"with" is the word to look for; copy each line of the listing where it occurs.

*** Data ***

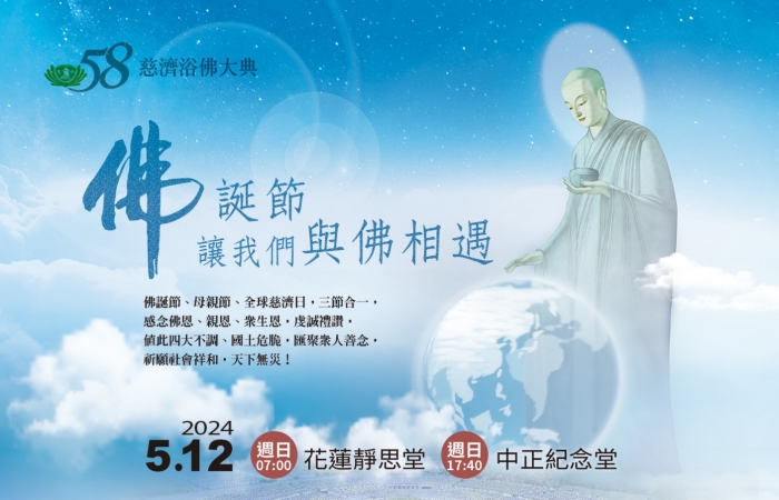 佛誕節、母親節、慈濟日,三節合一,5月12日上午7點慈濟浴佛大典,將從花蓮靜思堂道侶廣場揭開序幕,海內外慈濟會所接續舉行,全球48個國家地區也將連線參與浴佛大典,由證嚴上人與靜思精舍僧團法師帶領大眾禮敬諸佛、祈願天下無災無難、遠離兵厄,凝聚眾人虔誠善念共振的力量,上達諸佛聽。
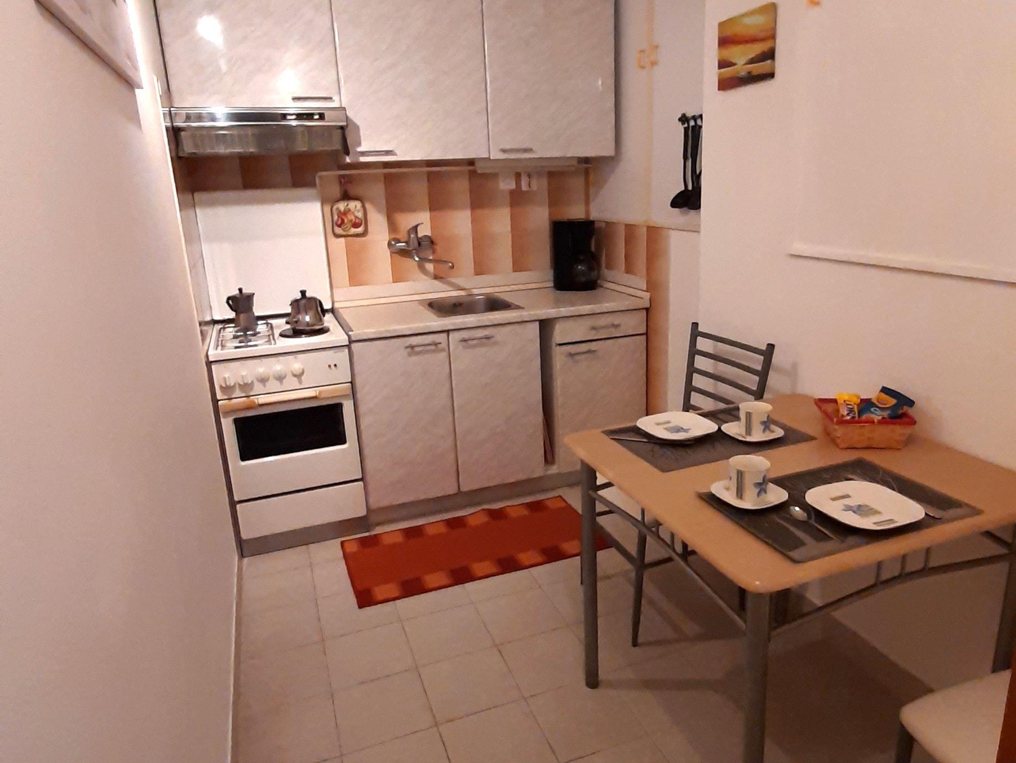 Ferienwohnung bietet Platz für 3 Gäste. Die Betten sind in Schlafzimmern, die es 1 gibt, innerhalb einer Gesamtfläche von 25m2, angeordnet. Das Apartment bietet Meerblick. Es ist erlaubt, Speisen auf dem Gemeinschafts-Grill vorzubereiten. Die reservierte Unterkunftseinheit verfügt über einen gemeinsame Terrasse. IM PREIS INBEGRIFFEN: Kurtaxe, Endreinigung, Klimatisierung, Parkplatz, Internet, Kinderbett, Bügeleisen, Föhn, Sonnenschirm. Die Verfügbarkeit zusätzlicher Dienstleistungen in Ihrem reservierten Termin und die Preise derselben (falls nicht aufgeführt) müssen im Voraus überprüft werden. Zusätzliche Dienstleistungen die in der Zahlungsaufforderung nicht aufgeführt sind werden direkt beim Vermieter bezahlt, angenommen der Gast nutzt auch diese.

*** End of Data ***
*** Data ***

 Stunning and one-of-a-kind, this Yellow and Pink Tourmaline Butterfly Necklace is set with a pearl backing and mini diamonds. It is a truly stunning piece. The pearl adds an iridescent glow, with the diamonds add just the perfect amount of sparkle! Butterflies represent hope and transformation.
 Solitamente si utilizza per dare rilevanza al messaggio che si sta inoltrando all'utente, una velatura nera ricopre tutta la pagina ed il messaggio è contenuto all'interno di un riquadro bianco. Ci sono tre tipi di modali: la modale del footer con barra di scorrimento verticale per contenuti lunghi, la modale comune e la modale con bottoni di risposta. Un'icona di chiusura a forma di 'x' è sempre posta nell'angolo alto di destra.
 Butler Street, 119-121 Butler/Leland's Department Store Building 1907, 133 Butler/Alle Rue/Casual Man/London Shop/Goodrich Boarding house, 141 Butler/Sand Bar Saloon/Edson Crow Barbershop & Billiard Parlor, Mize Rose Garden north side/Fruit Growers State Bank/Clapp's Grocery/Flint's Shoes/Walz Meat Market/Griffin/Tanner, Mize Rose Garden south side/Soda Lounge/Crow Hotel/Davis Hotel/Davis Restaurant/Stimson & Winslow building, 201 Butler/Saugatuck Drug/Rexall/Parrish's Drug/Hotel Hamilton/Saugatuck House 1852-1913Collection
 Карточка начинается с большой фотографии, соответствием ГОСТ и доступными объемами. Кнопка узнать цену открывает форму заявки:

*** End of Data ***
*** Data ***

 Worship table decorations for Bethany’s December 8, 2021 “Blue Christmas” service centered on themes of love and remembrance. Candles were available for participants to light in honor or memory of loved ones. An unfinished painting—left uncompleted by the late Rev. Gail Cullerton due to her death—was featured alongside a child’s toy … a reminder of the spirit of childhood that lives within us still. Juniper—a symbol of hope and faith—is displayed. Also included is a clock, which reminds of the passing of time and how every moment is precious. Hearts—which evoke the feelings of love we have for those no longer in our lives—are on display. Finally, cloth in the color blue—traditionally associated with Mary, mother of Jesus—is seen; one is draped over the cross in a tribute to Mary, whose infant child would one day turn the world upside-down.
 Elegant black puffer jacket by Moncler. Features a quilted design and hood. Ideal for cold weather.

*** End of Data ***

Your solution »
 Stunning and one-of-a-kind, this Yellow and Pink Tourmaline Butterfly Necklace is set with a pearl backing and mini diamonds. It is a truly stunning piece. The pearl adds an iridescent glow, with the diamonds add just the perfect amount of sparkle! Butterflies represent hope and transformation.
 Worship table decorations for Bethany’s December 8, 2021 “Blue Christmas” service centered on themes of love and remembrance. Candles were available for participants to light in honor or memory of loved ones. An unfinished painting—left uncompleted by the late Rev. Gail Cullerton due to her death—was featured alongside a child’s toy … a reminder of the spirit of childhood that lives within us still. Juniper—a symbol of hope and faith—is displayed. Also included is a clock, which reminds of the passing of time and how every moment is precious. Hearts—which evoke the feelings of love we have for those no longer in our lives—are on display. Finally, cloth in the color blue—traditionally associated with Mary, mother of Jesus—is seen; one is draped over the cross in a tribute to Mary, whose infant child would one day turn the world upside-down.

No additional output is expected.